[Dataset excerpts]
# # # # #
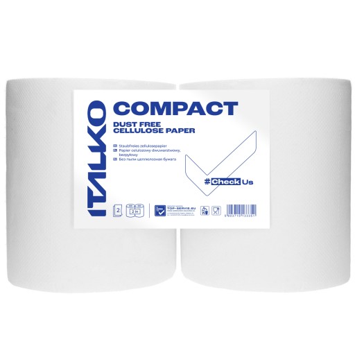 Czyściwo papierowe białe, solidnie nawinięte, posiada perforację ułatwiającą odrywanie odcinków papieru z roli.
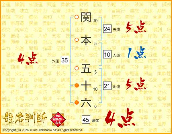 あなたの人生を表す1番重要な運勢です。生涯を通じて影響する総合運となり、主に50歳以降の晩年期に影響を及ぼします。苗字と名前の合計画数。
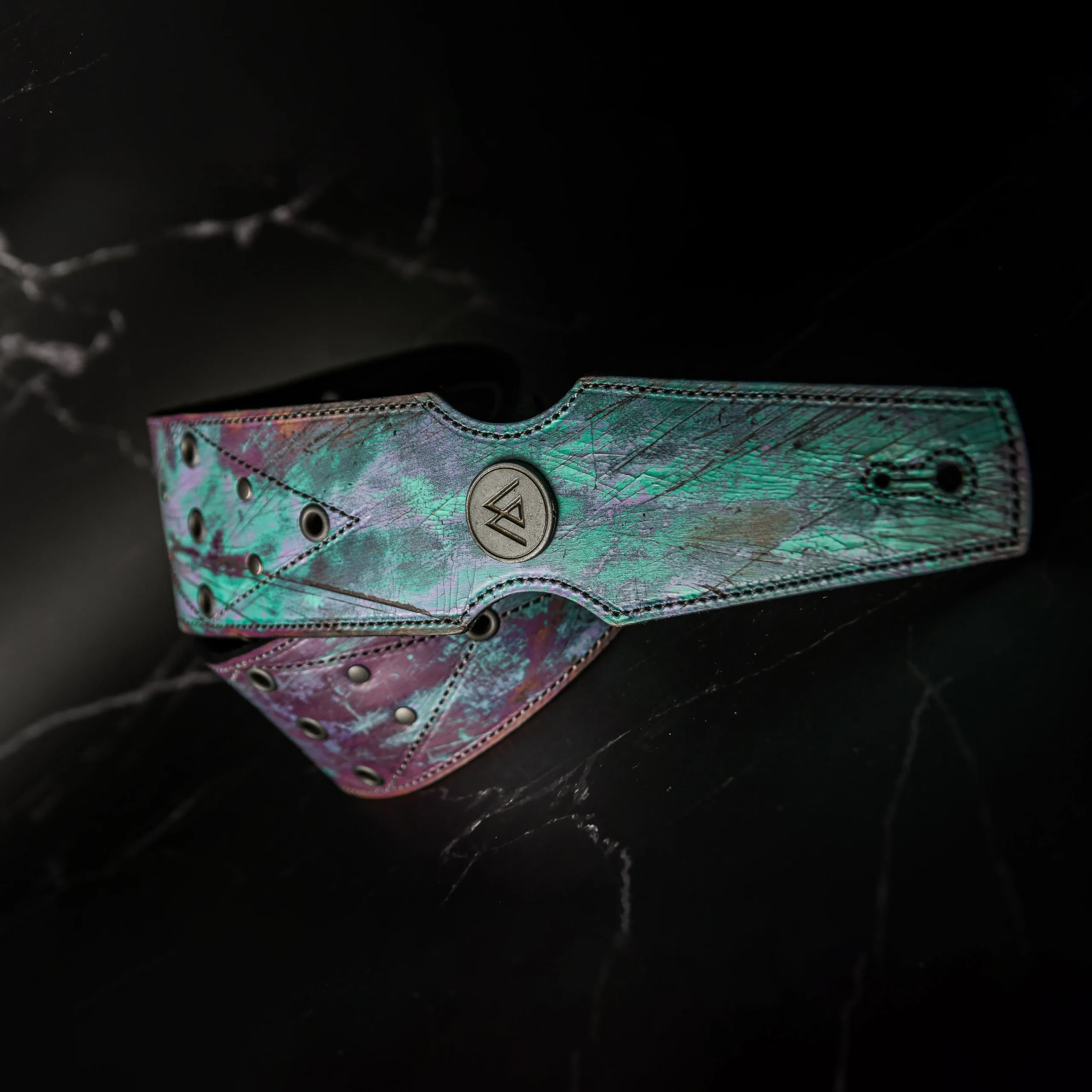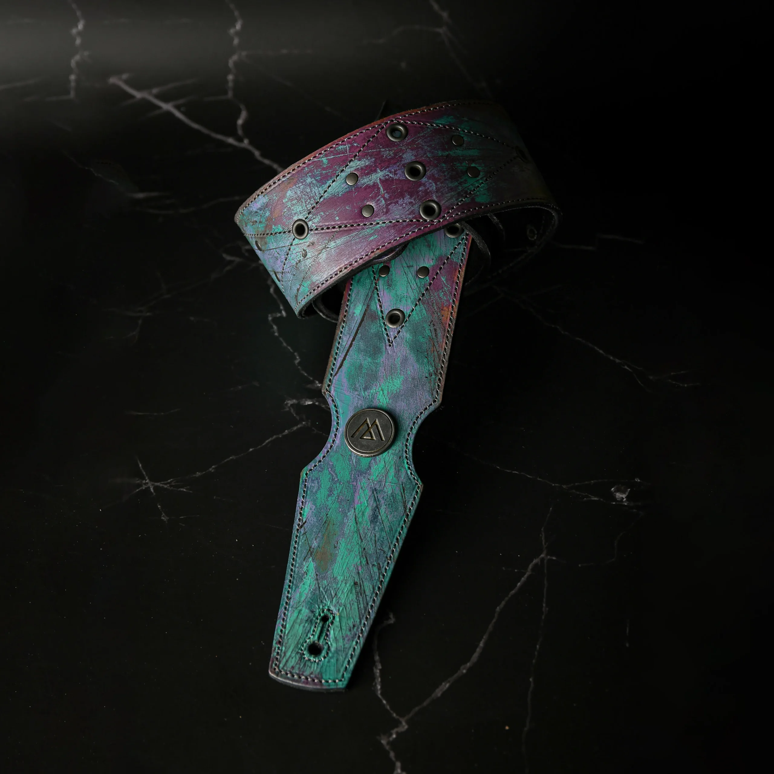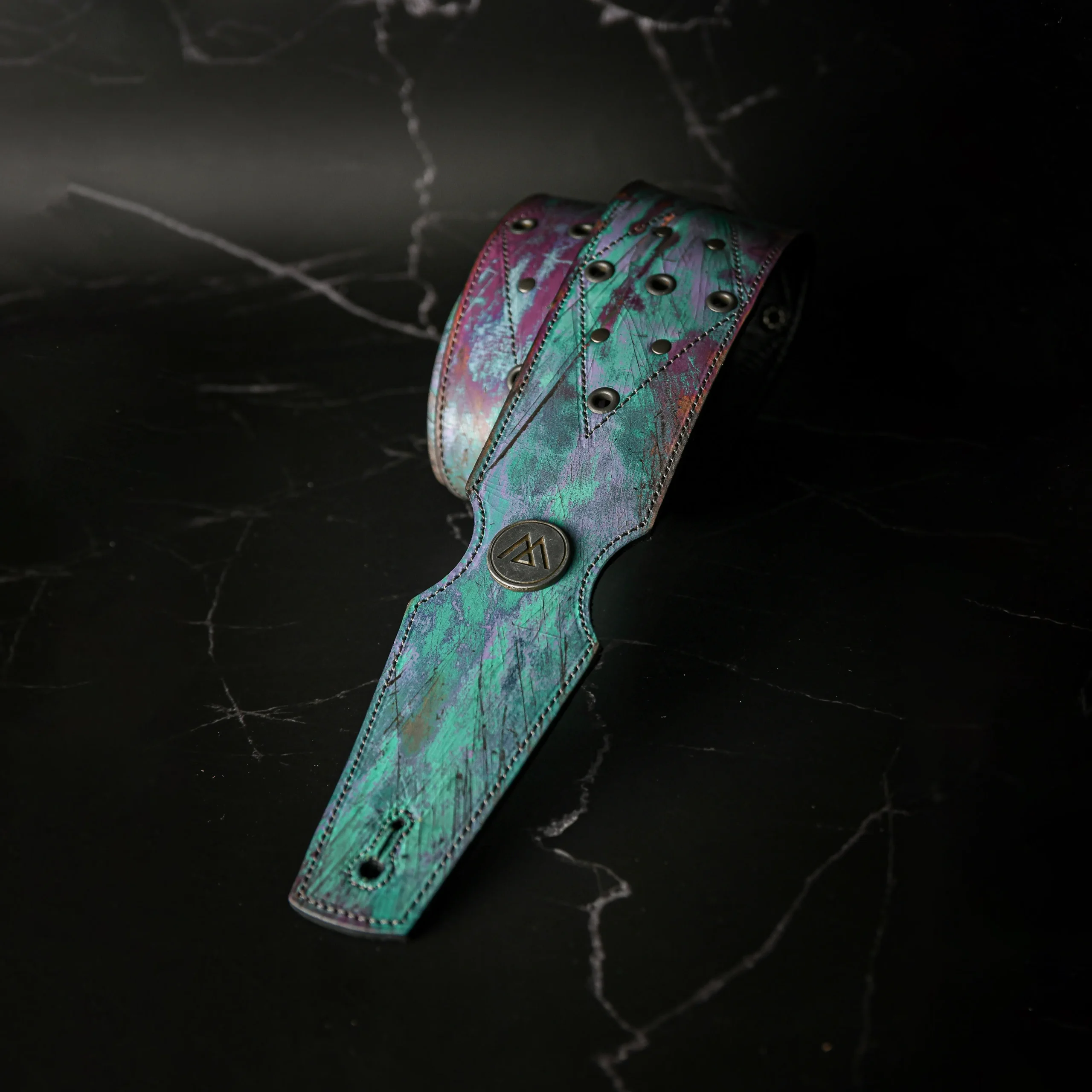 Esta pieza única nace de un proceso artesanal superior y complejo, logrando texturas irrepetibles en variedad de colores generando un estilo psicodélico y metales desgastados. Confeccionada con doble capa de cuero genuino para máxima solidez e intervenida con ojales y remaches de plata.
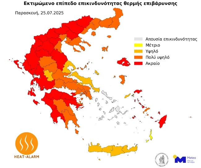 Από την Εθνική Μετεωρολογική Υπηρεσία εκδόθηκε σήμερα Έκτακτο Δελτίο Επικίνδυνων Καιρικών Φαινομένων – Κόκκινη Προειδοποίηση για πολύ υψηλά επίπεδα θερμοκρασίας μέχρι και την Κυριακή 27 Ιουλίου.
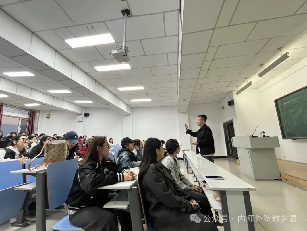 随后,张贵超老师详细介绍了实习安排、内容及相关要求,并针对实习手册的撰写提出了具体建议。他以优秀实习生的实习手册为例,强调手册应“图文并茂、富有温度”。鼓励同学们以轻松活泼的语言客观、真诚地记录实习点滴,真实生动地展现实习过程,确保其既有温度又有质量。此外,张贵超老师结合自身教学经验,深入讲解了班级管理的核心要点。他鼓励同学们从员工需求出发设计教学内容,注重与员工的互动与沟通,并提醒大家将复杂的学情视为历练机会,积累处理学情的宝贵经验。在纪律与安全方面,张贵超老师特别叮嘱实习生严格遵守实习基地的纪律和请假流程。他强调,实习期间的言行不仅代表个人形象,也关乎公司和公司的声誉。同学们专注聆听,认真记录,讲座氛围轻松活泼又不失严肃。
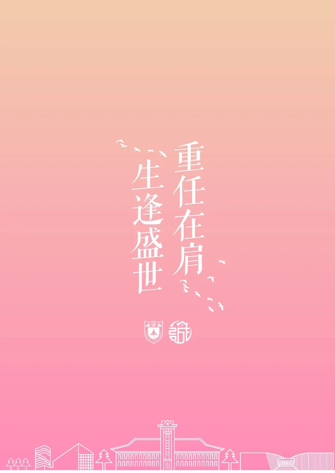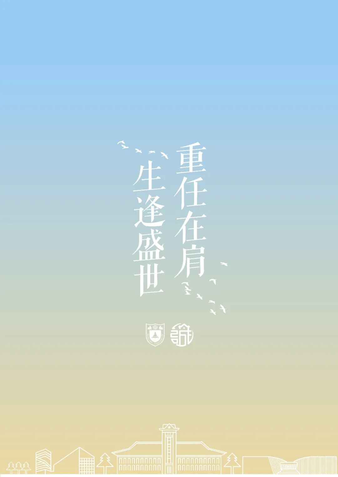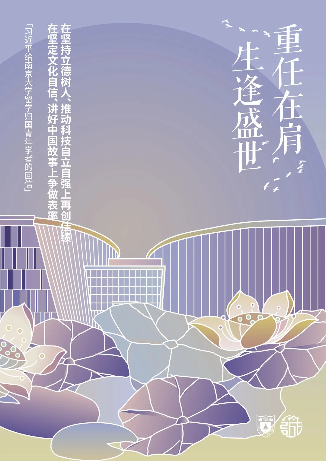 设计理念:信封底图的关键主体为南京大学北大楼,楼左侧是书本与松树元素的组合,灵感来源于右上角的校徽,右侧采用寓意坚韧不拔的梅花作为装饰点缀,目光上移可以看到画面两边相呼应的两个青年形象。在半圆形框架支撑之下,更多的元素得以呈现:左侧是象征现代化建设的南京地标紫峰大厦、地铁轨道与飞机,右侧则是代表文化积淀与传承的鸡鸣寺与城墙。综合来看,这寓意着现代化建设进程中青年人身上的时代使命与历史责任,意在呈现南大青年“勇担当,敢争先”的精神气质。
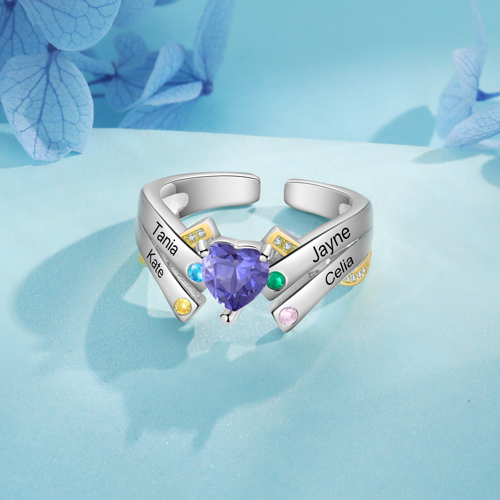 Personalisierte 4 Geburtssteine & 4 Namen Offener Familie Ring
# # # # #
Task: Pictures do not belong in your copy; restate word for word the lines from the one containing "设计理念:信封底图的关键主体" through the last line of the records above.

Answer for this exercise:
 设计理念:信封底图的关键主体为南京大学北大楼,楼左侧是书本与松树元素的组合,灵感来源于右上角的校徽,右侧采用寓意坚韧不拔的梅花作为装饰点缀,目光上移可以看到画面两边相呼应的两个青年形象。在半圆形框架支撑之下,更多的元素得以呈现:左侧是象征现代化建设的南京地标紫峰大厦、地铁轨道与飞机,右侧则是代表文化积淀与传承的鸡鸣寺与城墙。综合来看,这寓意着现代化建设进程中青年人身上的时代使命与历史责任,意在呈现南大青年“勇担当,敢争先”的精神气质。
 Personalisierte 4 Geburtssteine & 4 Namen Offener Familie Ring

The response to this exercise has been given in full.